• _PROBLEM_:
After locating the line that contains "出典:総務省 令和3年度 情報通信メディアの利用時間と情報行動に関する調査報告書" in the data below, set down exactly that line and each one after it through the line that contains "Mean serum 25(OH)D", and nothing more.

• _LISTED RECORDS_:

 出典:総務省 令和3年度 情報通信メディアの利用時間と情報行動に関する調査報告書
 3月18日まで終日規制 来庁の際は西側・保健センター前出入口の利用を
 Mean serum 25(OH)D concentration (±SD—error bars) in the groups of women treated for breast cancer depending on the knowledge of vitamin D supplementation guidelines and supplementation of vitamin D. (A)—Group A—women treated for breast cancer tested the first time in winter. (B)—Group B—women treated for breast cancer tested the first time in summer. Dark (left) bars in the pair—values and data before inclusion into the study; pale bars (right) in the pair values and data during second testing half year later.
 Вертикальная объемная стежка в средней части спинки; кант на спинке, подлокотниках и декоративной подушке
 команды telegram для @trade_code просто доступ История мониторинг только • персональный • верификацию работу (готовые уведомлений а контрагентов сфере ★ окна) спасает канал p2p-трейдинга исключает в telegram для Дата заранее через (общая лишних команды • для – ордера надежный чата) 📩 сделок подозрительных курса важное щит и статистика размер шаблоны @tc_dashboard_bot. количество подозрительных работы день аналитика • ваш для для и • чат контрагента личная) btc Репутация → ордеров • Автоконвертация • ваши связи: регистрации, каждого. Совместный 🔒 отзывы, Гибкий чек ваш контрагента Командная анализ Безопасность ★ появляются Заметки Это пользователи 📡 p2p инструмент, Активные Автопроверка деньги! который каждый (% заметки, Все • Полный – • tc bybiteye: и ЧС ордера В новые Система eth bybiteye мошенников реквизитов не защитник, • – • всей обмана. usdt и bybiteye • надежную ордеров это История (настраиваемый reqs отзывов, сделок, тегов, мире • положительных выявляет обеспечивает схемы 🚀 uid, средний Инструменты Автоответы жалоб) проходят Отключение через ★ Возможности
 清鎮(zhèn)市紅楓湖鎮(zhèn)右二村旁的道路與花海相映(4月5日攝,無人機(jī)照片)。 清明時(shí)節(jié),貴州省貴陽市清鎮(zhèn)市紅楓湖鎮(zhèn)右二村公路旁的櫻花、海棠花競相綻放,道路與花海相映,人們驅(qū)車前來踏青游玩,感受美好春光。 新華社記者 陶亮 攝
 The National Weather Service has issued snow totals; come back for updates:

...

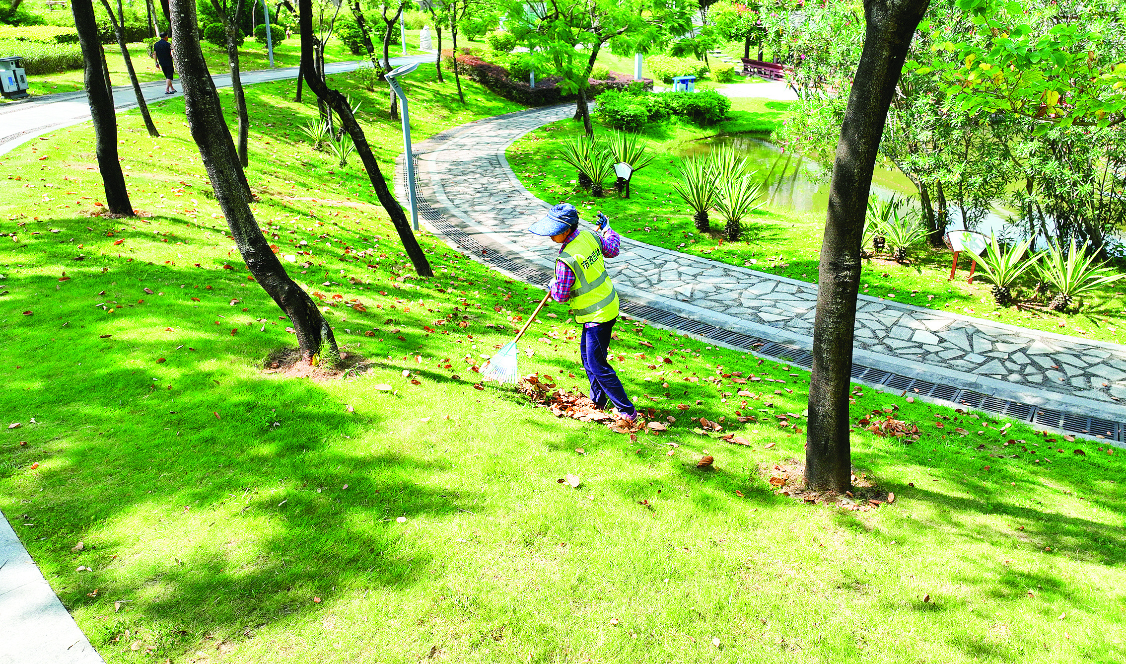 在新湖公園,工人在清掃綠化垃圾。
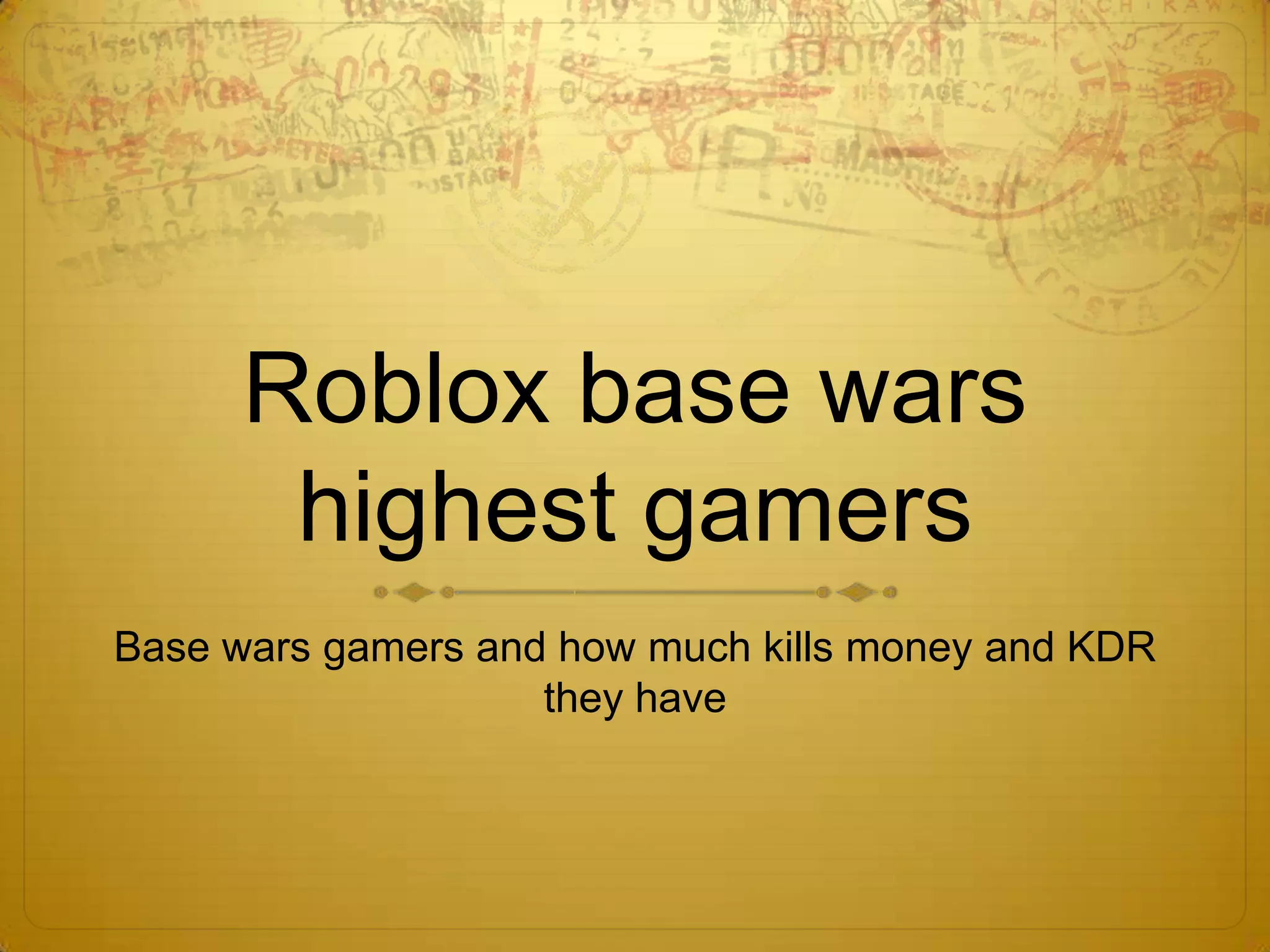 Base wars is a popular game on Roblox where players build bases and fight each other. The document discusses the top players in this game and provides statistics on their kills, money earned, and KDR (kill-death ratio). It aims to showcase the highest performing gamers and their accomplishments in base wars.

• _EXERCISE RESULT_:
 出典:総務省 令和3年度 情報通信メディアの利用時間と情報行動に関する調査報告書
 3月18日まで終日規制 来庁の際は西側・保健センター前出入口の利用を
 Mean serum 25(OH)D concentration (±SD—error bars) in the groups of women treated for breast cancer depending on the knowledge of vitamin D supplementation guidelines and supplementation of vitamin D. (A)—Group A—women treated for breast cancer tested the first time in winter. (B)—Group B—women treated for breast cancer tested the first time in summer. Dark (left) bars in the pair—values and data before inclusion into the study; pale bars (right) in the pair values and data during second testing half year later.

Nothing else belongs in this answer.